Kannattaa karpata näön vuoksi.https://jamanetwork.com/journals/jamaop ... le/2786928
December 2, 2021
Ocular Sequelae in a Population-Based Cohort of Youth Diagnosed With Diabetes During a 50-Year Period
Patricia Bai, BA1; Andrew J. Barkmeier, MD2; David O. Hodge, MS3; et al Brian G. Mohney, MD2
JAMA Ophthalmol. Published online December 2, 2021. doi:10.1001/jamaophthalmol.2021.5052
Question What is the risk of ocular sequelae with diabetes diagnosed in childhood?
Findings In this cohort study of 525 youth (aged <22 years), the risk of diabetic retinopathy was 88% greater in those with type 2 diabetes (T2D) compared with those with type 1 diabetes (T1D) within the first 15 years of disease. Similarly, risk of developing proliferative diabetic retinopathy or requiring pars plana vitrectomy was greater in T2D than T1D.
Meaning These findings suggest that children with T2D have a higher risk of developing retinopathy than those with T1D, potentially requiring earlier surveillance and intervention to prevent vision-threatening complications.
Importance Despite the increasing prevalence of type 2 diabetes (T2D) diagnosed in childhood, little is known about the natural history of ocular sequelae in youth-onset T2D compared with type 1 diabetes (T1D).
Objective To assess the risk of developing diabetes-associated ocular complications among youth diagnosed with diabetes.
Design, Setting, and Participants This retrospective, population-based medical record review included all residents of Olmsted County, Minnesota (95.7% White in 1990), diagnosed with diabetes at younger than 22 years (hereinafter referred to as children) from January 1, 1970, through December 31, 2019.
Main Outcomes and Measures Risk of developing ocular complications over time.
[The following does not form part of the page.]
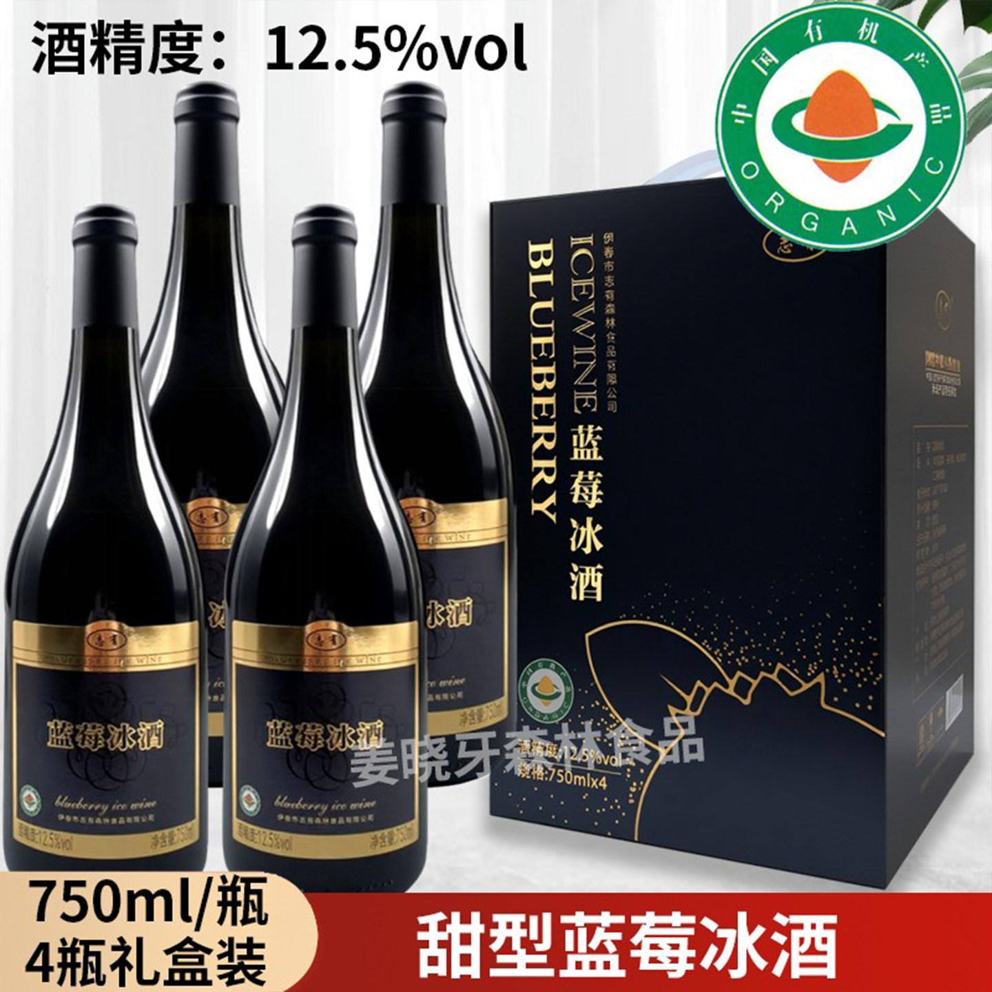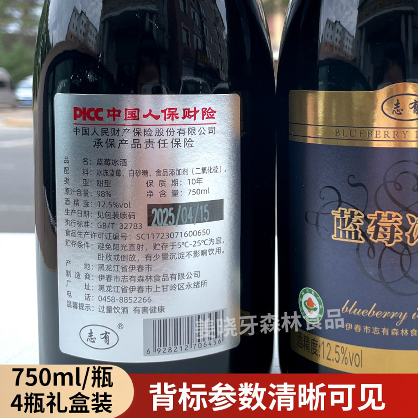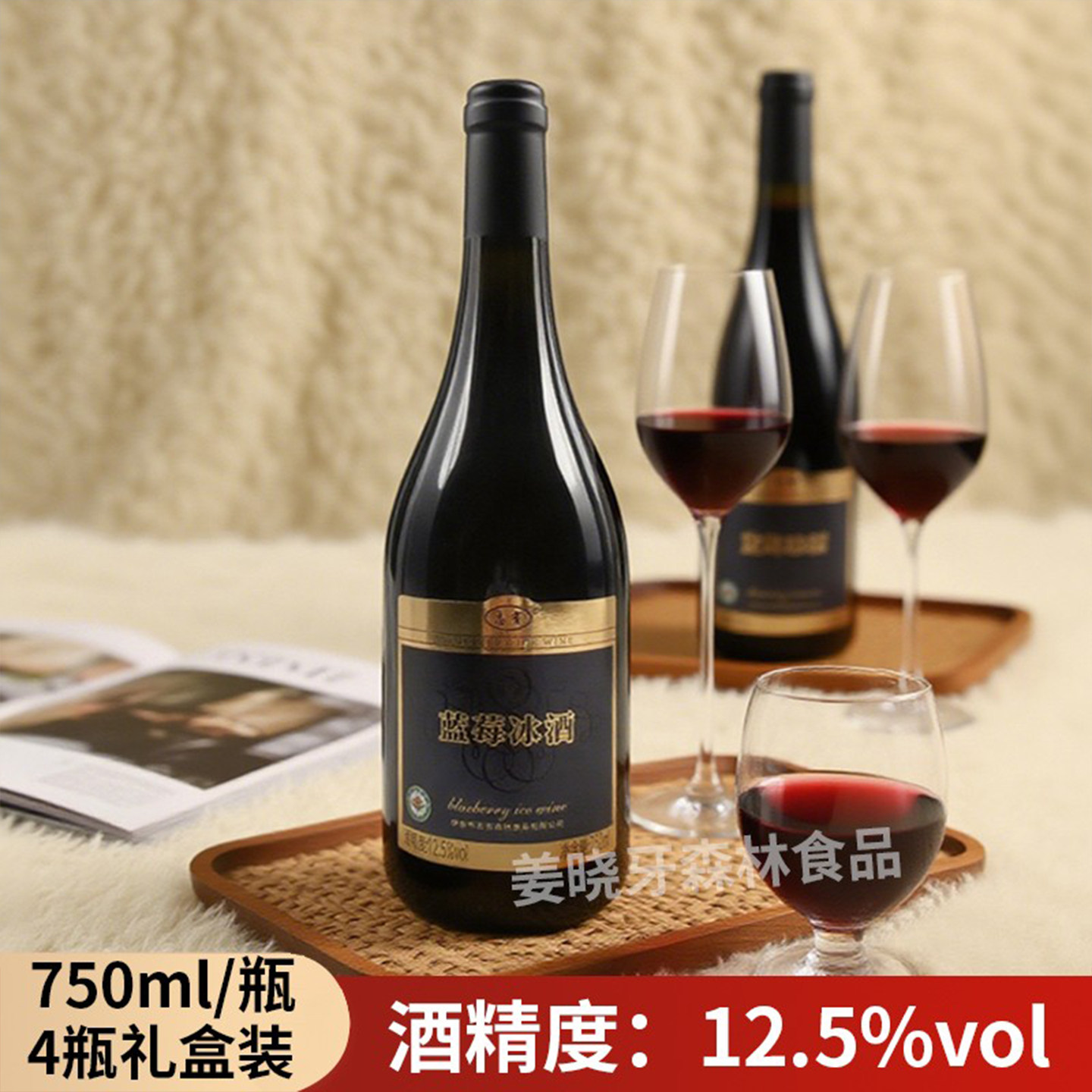 小兴安岭12.5度甜型蓝莓冰酒750m/瓶高档礼盒装果酒饮品日期新鲜

Results Among 1362 individuals with a diagnostic code of diabetes, medical record reviews confirmed a diagnosis of T1D or T2D in 606 children, of whom 525 (86.6%) underwent at least 1 eye examination (mean [SD] age at diabetes diagnosis, 12.1 [5.4] years; 264 [50.3%] male). Diabetes-associated ocular complications occurred in 147 of the 461 children (31.2%) with T1D and in 17 of the 64 children (26.6%) with T2D. The hazard ratio illustrating the risk between T2D and T1D rates was 1.88 (95% CI, 1.13-3.12; P = .02) for developing any diabetic retinopathy (nonproliferative or greater), 2.33 (95% CI, 0.99-5.50; P = .048) for proliferative diabetic retinopathy, 1.49 (95% CI, 0.46-4.89; P = .50) for diabetic macular edema, 2.43 (95% CI, 0.54-11.07; P = .24) for a visually significant cataract, and 4.06 (95% CI, 1.34-12.33; P = .007) for requiring pars plana vitrectomy by 15 years after the diagnosis of diabetes.
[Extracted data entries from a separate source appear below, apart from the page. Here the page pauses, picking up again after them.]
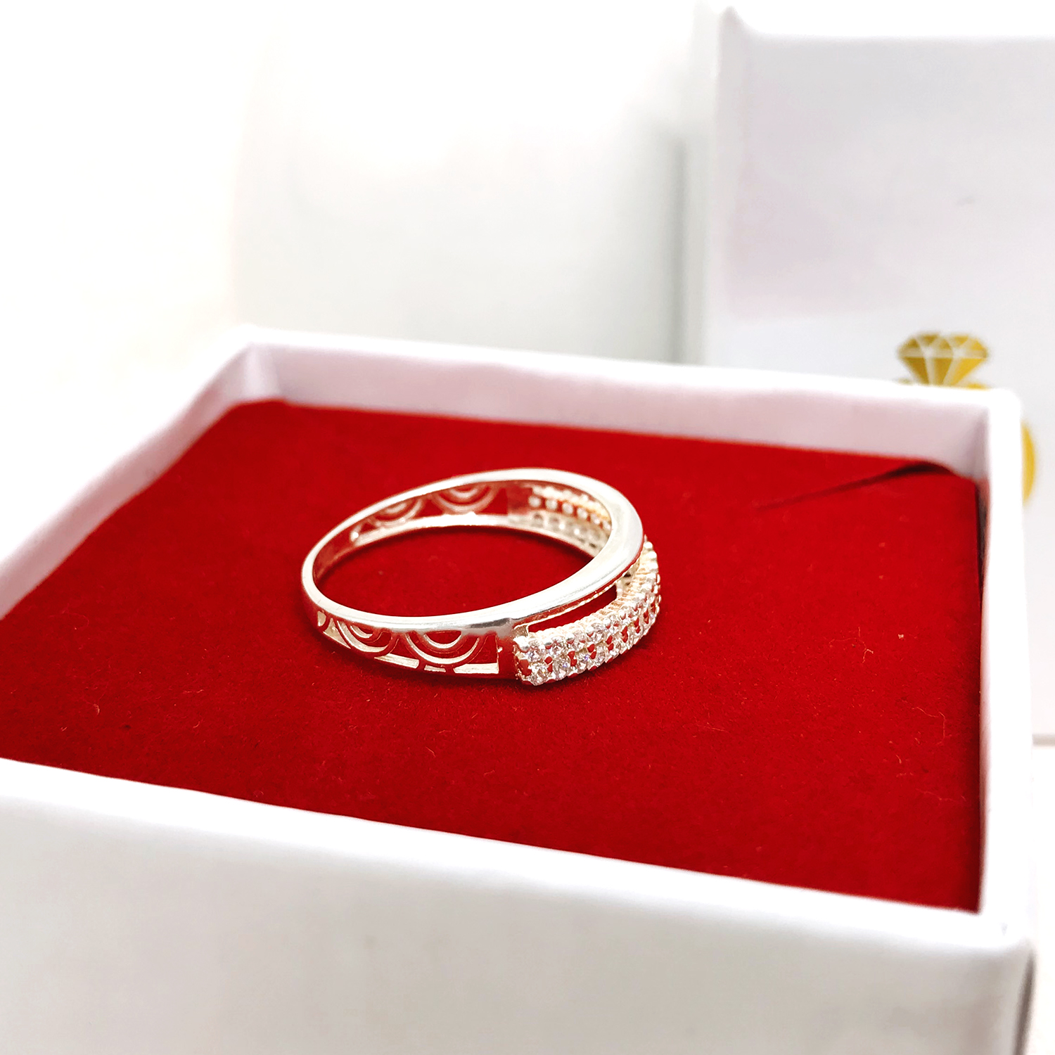 -Kiểu dáng: nhẫn trơn, đính đá zirconia
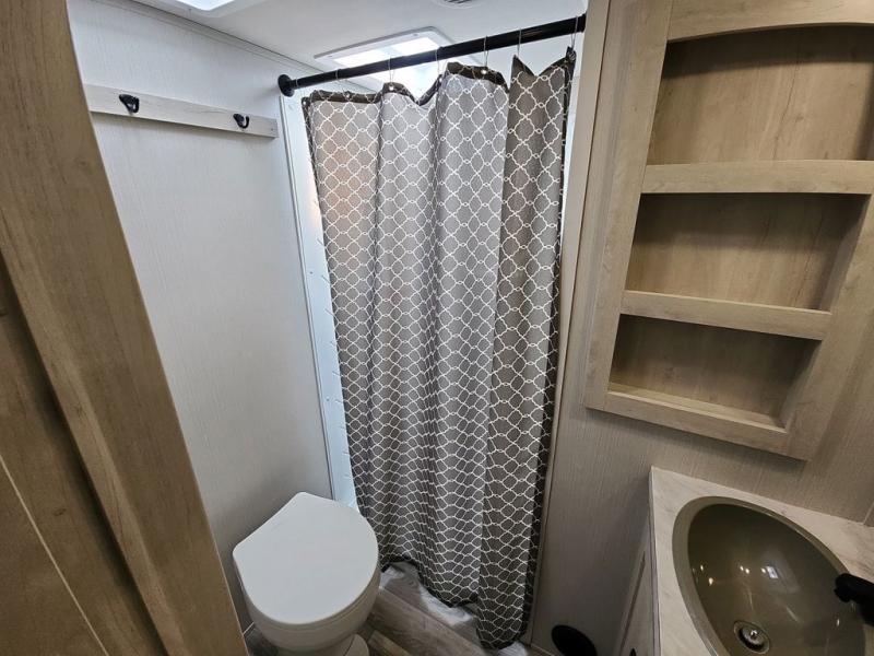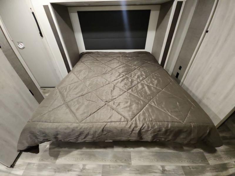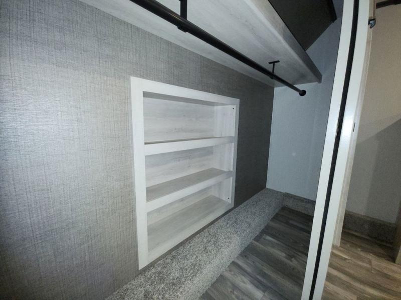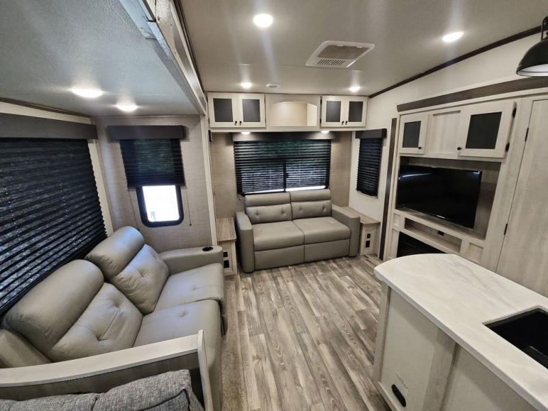 If you like the 29RL floorplan of the Forest River Cardinal RED, you might want to size up to the 31RL! With an additional slide out in the bedroom, the king bed is positioned differently, which allows for a full-width wardrobe. A second closet also has shelving plus space to hang garments. The bathroom is adjacent to the bedroom and includes a shower with skylight. The kitchen has a great counter island with sink for working, and there's even more counter space along the wall. A rear sofa and theater seats offer plenty of choices for seating, and they all have a great view of the electric fireplace.
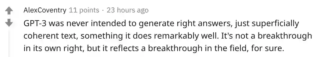 此外,有网友认为,GPT-3从来就没打算生成正确的答案。在生成连贯的文字方面,它已经做得非常好了。GPT-3的这种进步,显然反映了NLP领域的一种突破。
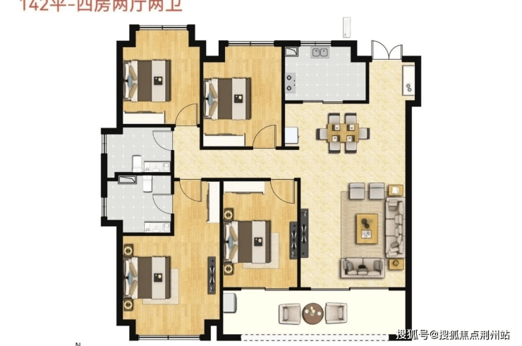 - 三开间朝南 - 餐客厅一体+南向阳台 - 主卧套间带衣帽间
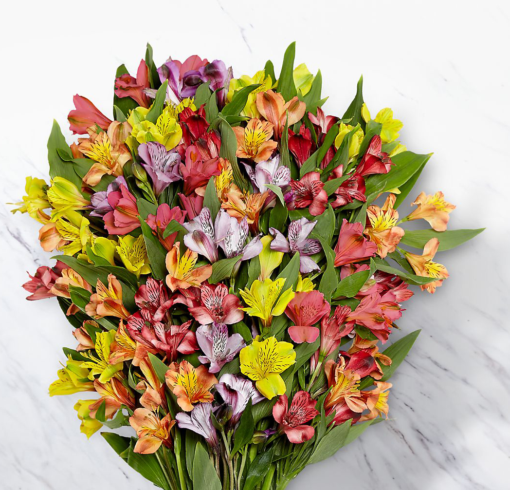 Stargazer lilies stretch their fuchsia petals out amongst an arrangement of blue iris, white traditional daisies, orange mini carnations, purple statice and yellow solidago in a round whitewash handled basket, creating a delightful bouquet your special recipient will adore. BETTER bouquet approximately 16"H x 13"W. Lilies may arrive in various stages of development. The lily blooms will continue to open, extending arrangement life - and your recipient's enjoyment..
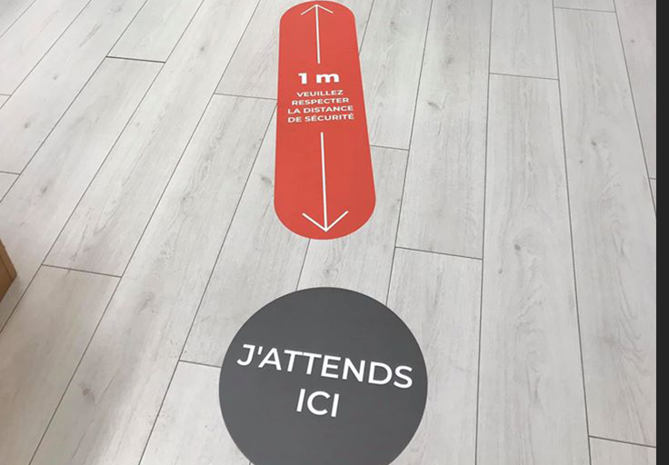 Les adhésifs de sols personnalisés pratique pour orienter et guider vos clients dans votre magasin ou commerce, et mantenir les distances de securité!

Conclusions and Relevance Diabetic retinopathy, proliferative diabetic retinopathy, and the need for pars plana vitrectomy occurred within a shorter diabetes duration for children with T2D compared with T1D in this population-based cohort. Children with T2D had almost twice the risk of developing retinopathy compared with those with T1D. These findings suggest that to prevent serious ocular complications, children with T2D may require ophthalmoscopic evaluations at least as frequently as or more frequently than children with T1D.